(Items from a data source)
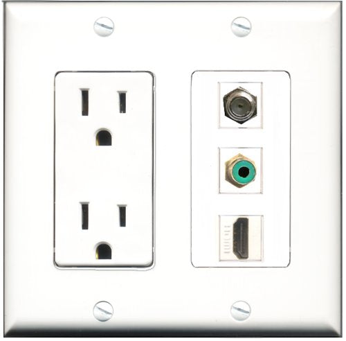 RiteAV - 15 Amp Power Outlet 1 Port HDMI 1 Port RCA Green 1 Port Coax Decorative Wall Plate
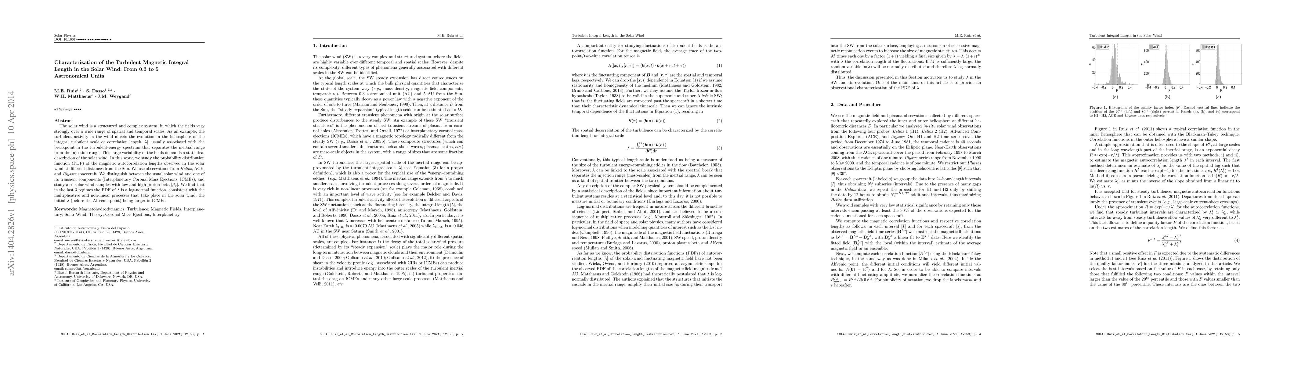 The solar wind is a structured and complex system, in which the fields vary strongly over a wide range of spatial and temporal scales. As an example, the turbulent activity in the wind affects the evolution in the heliosphere of the integral turbulent scale or correlation length [{\lambda}], usually associated with the breakpoint in the turbulent-energy spectrum that separates the inertial range from the injection range. This large variability of the fields demands a statistical description of the solar wind. In this work, we study the probability distribution function (PDF) of the magnetic autocorrelation lengths observed in the solar wind at different distances from the Sun. We use observations from Helios, ACE, and Ulysses spacecraft. We distinguish between the usual solar wind and one of its transient components (Interplanetary Coronal Mass Ejections, ICMEs), and study also solar wind samples with low and high proton beta [\beta_p ]. We find that in the last 3 regimes the PDF of {\lambda} is a log-normal function, consistent with the multiplicative and non-linear processes that take place in the solar wind, the initial {\lambda} (before the Alfv\'enic point) being larger in ICMEs.
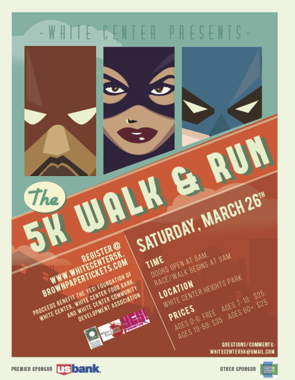 The White Center Community Development Association (CDA) is partnering with the YES Foundation of White Center and the White Center Food Bank to host the fourth annual White Center 5K Walk & Run. The 5K will take place on Saturday, March 26, 2016 from 9:00am to 11:00am at White Center Heights Park. This will be a Superhero Run and all participants are encouraged to dress up as their favorite superheroes.
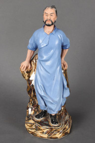 depicting a man standing by a rocky outcrop, with hands resting behind him, in tones of blue and brown, impressed mark to base, h 37cm -
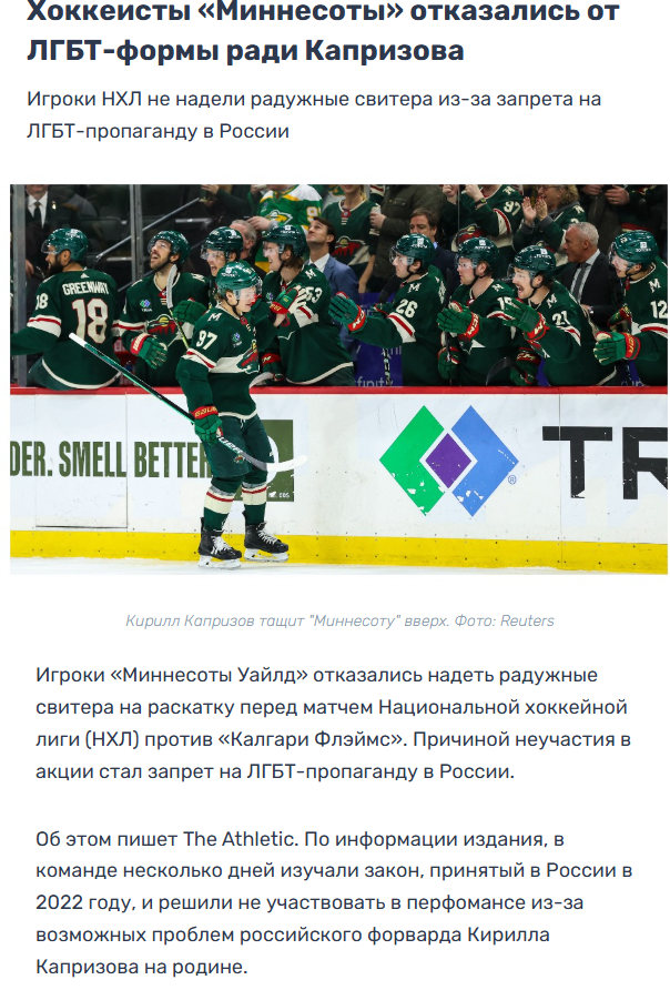 ОТ ЗВЁЗДОЧЕК ТОКА ОДИН ВРАТАРЬ, БЛЯТЬ И ВСЁ !!!!!!!!!!!! ГДЕ РОБЕРТСОН, ДОЛБОЁБИНА ?!?!?!?!?!?!?!?! У ДЕБИЛА НА МОРОЗЕ МОЗГИ ОТВАЛИЛИСЬ. Бредни сумасшедшего кретина с Миннесоты какие, настолько мелочная и тупорылая гнида пздц просто. Всех дедов и переломанных подписал, а молодёжь только с его команды. Пидор, бля Очень рад за Болди, пацан нормальный сезон вообще показывает.

§ WHAT IS NEEDED: Reproduce all the entries that precede this task, word for word, minus any pictures.

§ EXPECTED ANSWER:
 RiteAV - 15 Amp Power Outlet 1 Port HDMI 1 Port RCA Green 1 Port Coax Decorative Wall Plate
 The solar wind is a structured and complex system, in which the fields vary strongly over a wide range of spatial and temporal scales. As an example, the turbulent activity in the wind affects the evolution in the heliosphere of the integral turbulent scale or correlation length [{\lambda}], usually associated with the breakpoint in the turbulent-energy spectrum that separates the inertial range from the injection range. This large variability of the fields demands a statistical description of the solar wind. In this work, we study the probability distribution function (PDF) of the magnetic autocorrelation lengths observed in the solar wind at different distances from the Sun. We use observations from Helios, ACE, and Ulysses spacecraft. We distinguish between the usual solar wind and one of its transient components (Interplanetary Coronal Mass Ejections, ICMEs), and study also solar wind samples with low and high proton beta [\beta_p ]. We find that in the last 3 regimes the PDF of {\lambda} is a log-normal function, consistent with the multiplicative and non-linear processes that take place in the solar wind, the initial {\lambda} (before the Alfv\'enic point) being larger in ICMEs.
 The White Center Community Development Association (CDA) is partnering with the YES Foundation of White Center and the White Center Food Bank to host the fourth annual White Center 5K Walk & Run. The 5K will take place on Saturday, March 26, 2016 from 9:00am to 11:00am at White Center Heights Park. This will be a Superhero Run and all participants are encouraged to dress up as their favorite superheroes.
 depicting a man standing by a rocky outcrop, with hands resting behind him, in tones of blue and brown, impressed mark to base, h 37cm -
 ОТ ЗВЁЗДОЧЕК ТОКА ОДИН ВРАТАРЬ, БЛЯТЬ И ВСЁ !!!!!!!!!!!! ГДЕ РОБЕРТСОН, ДОЛБОЁБИНА ?!?!?!?!?!?!?!?! У ДЕБИЛА НА МОРОЗЕ МОЗГИ ОТВАЛИЛИСЬ. Бредни сумасшедшего кретина с Миннесоты какие, настолько мелочная и тупорылая гнида пздц просто. Всех дедов и переломанных подписал, а молодёжь только с его команды. Пидор, бля Очень рад за Болди, пацан нормальный сезон вообще показывает.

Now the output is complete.